◆ **Problem**:
Repeat, exactly as they appear, the lines from the one with "Accueil / Classification" through the last line of the entries below, but none of the pictures.

*** Data under study ***

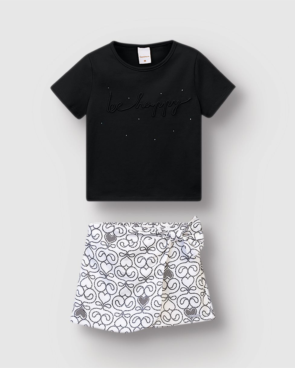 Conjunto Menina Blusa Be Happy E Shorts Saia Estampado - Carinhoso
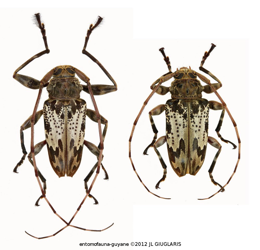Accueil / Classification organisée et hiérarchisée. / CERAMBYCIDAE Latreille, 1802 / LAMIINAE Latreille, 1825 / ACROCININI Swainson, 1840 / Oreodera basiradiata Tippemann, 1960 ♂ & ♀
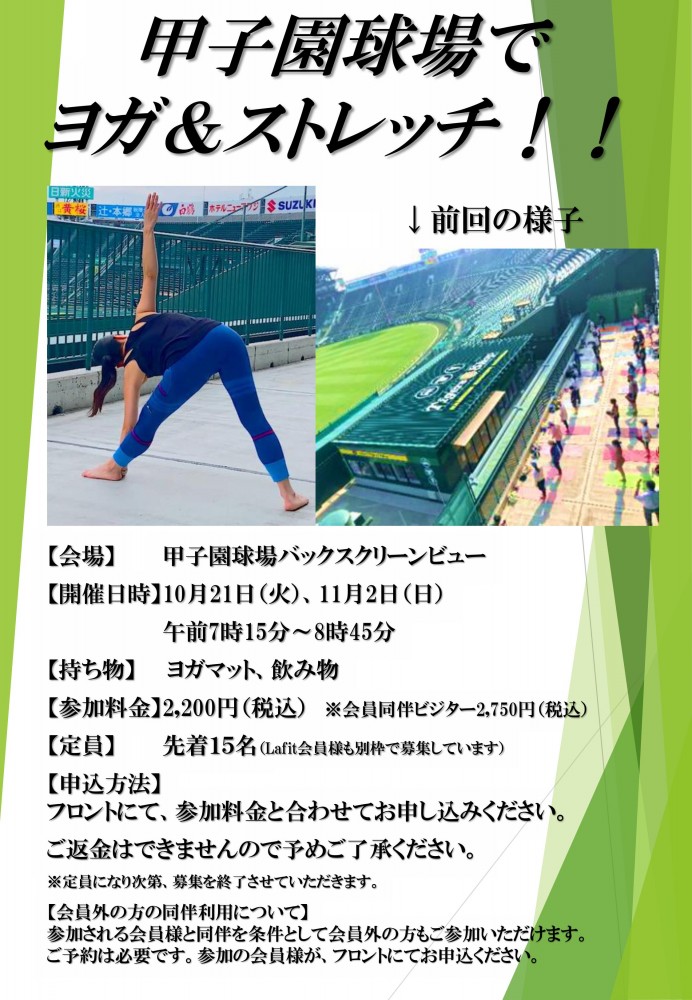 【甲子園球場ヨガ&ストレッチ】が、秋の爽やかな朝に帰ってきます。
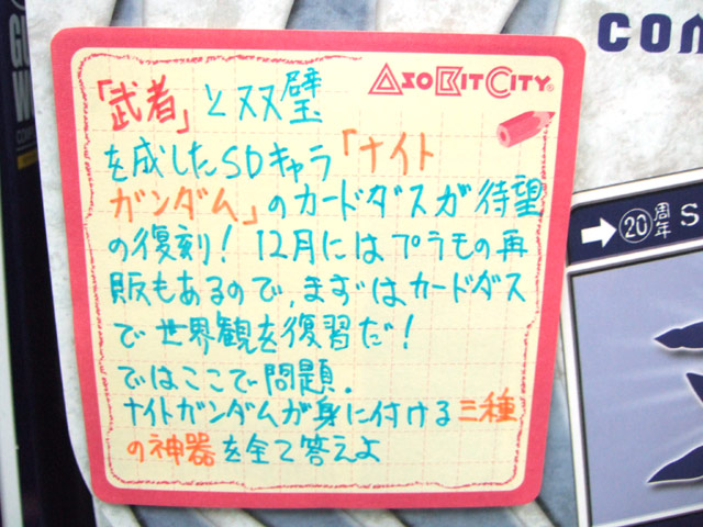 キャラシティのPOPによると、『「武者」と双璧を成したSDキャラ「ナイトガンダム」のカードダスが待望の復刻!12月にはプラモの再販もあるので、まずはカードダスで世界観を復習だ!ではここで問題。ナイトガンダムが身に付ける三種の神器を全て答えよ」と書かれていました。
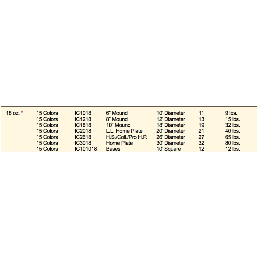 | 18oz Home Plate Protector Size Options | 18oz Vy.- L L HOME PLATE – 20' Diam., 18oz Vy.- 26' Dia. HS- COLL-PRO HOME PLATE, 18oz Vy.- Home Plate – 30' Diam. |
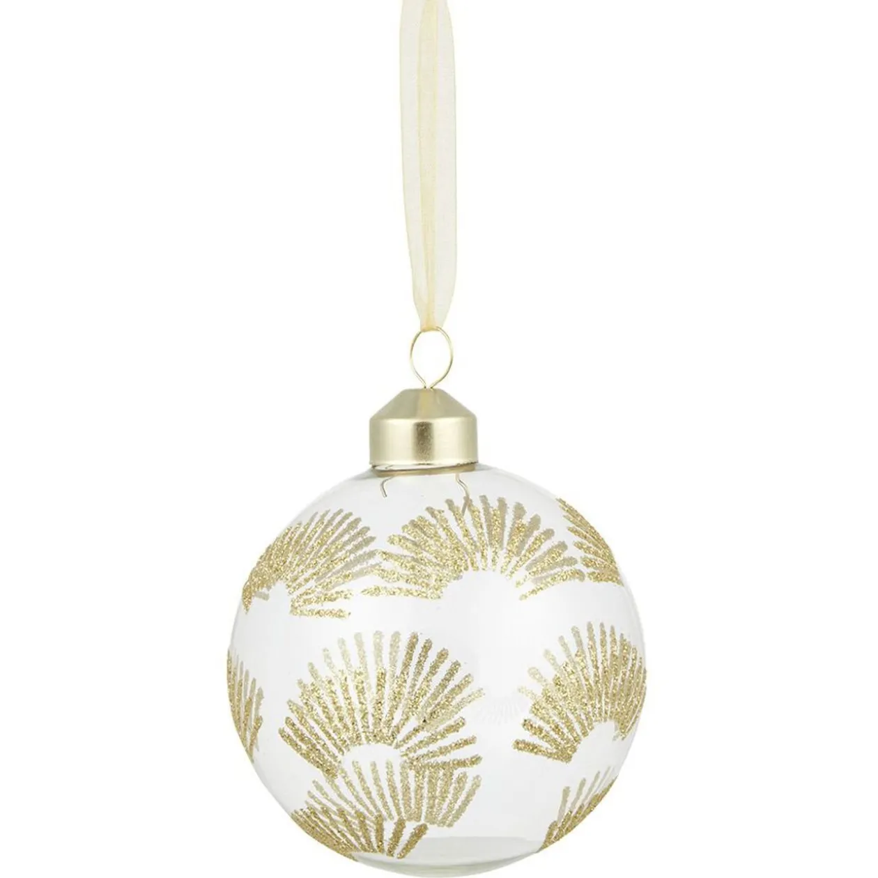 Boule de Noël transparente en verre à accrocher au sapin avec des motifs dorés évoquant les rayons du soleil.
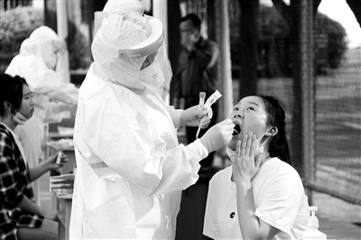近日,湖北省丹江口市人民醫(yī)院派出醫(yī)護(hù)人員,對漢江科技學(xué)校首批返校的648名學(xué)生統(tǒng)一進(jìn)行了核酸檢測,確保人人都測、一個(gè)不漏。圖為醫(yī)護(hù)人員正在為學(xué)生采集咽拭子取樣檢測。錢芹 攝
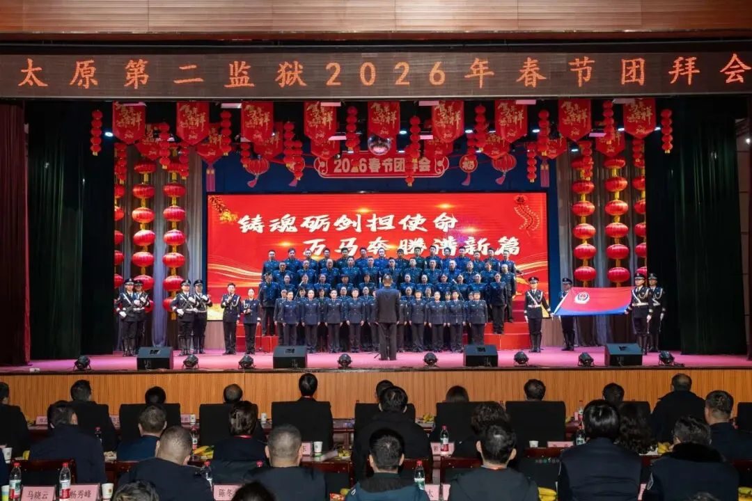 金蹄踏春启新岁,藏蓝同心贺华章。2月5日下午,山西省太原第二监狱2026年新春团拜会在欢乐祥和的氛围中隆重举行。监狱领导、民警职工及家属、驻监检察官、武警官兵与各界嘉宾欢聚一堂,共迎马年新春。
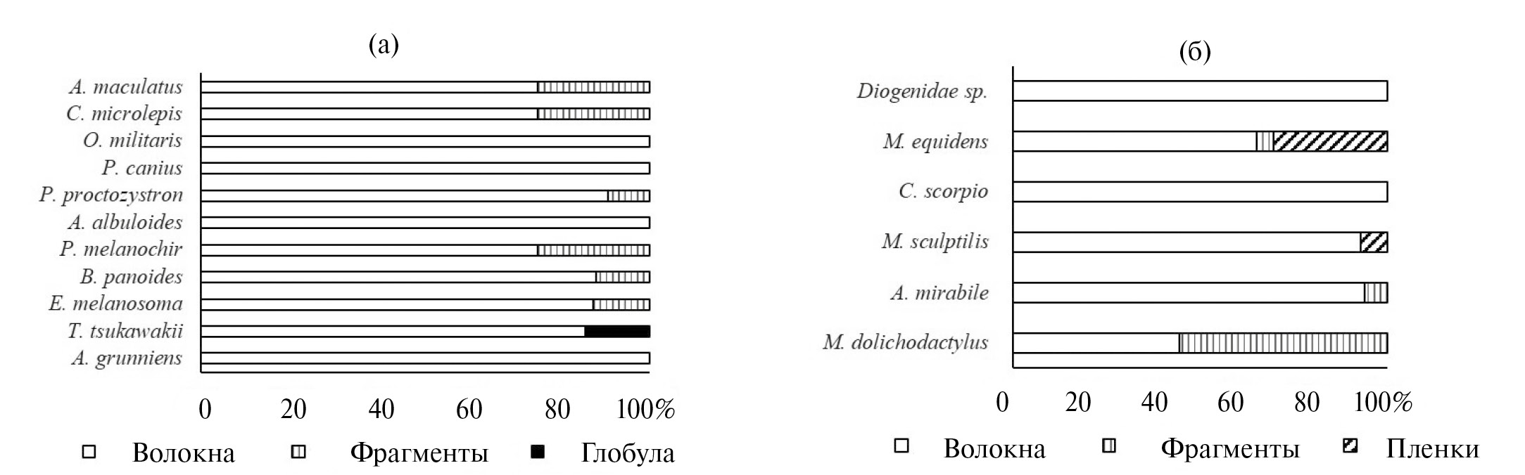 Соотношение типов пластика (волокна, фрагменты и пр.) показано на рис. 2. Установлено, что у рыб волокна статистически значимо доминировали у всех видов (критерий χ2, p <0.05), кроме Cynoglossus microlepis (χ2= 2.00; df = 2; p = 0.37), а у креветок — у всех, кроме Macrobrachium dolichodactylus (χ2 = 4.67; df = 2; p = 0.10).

***

◆ **Response**:
Accueil / Classification organisée et hiérarchisée. / CERAMBYCIDAE Latreille, 1802 / LAMIINAE Latreille, 1825 / ACROCININI Swainson, 1840 / Oreodera basiradiata Tippemann, 1960 ♂ & ♀
 【甲子園球場ヨガ&ストレッチ】が、秋の爽やかな朝に帰ってきます。
 キャラシティのPOPによると、『「武者」と双璧を成したSDキャラ「ナイトガンダム」のカードダスが待望の復刻!12月にはプラモの再販もあるので、まずはカードダスで世界観を復習だ!ではここで問題。ナイトガンダムが身に付ける三種の神器を全て答えよ」と書かれていました。
 | 18oz Home Plate Protector Size Options | 18oz Vy.- L L HOME PLATE – 20' Diam., 18oz Vy.- 26' Dia. HS- COLL-PRO HOME PLATE, 18oz Vy.- Home Plate – 30' Diam. |
 Boule de Noël transparente en verre à accrocher au sapin avec des motifs dorés évoquant les rayons du soleil.
近日,湖北省丹江口市人民醫(yī)院派出醫(yī)護(hù)人員,對漢江科技學(xué)校首批返校的648名學(xué)生統(tǒng)一進(jìn)行了核酸檢測,確保人人都測、一個(gè)不漏。圖為醫(yī)護(hù)人員正在為學(xué)生采集咽拭子取樣檢測。錢芹 攝
 金蹄踏春启新岁,藏蓝同心贺华章。2月5日下午,山西省太原第二监狱2026年新春团拜会在欢乐祥和的氛围中隆重举行。监狱领导、民警职工及家属、驻监检察官、武警官兵与各界嘉宾欢聚一堂,共迎马年新春。
 Соотношение типов пластика (волокна, фрагменты и пр.) показано на рис. 2. Установлено, что у рыб волокна статистически значимо доминировали у всех видов (критерий χ2, p <0.05), кроме Cynoglossus microlepis (χ2= 2.00; df = 2; p = 0.37), а у креветок — у всех, кроме Macrobrachium dolichodactylus (χ2 = 4.67; df = 2; p = 0.10).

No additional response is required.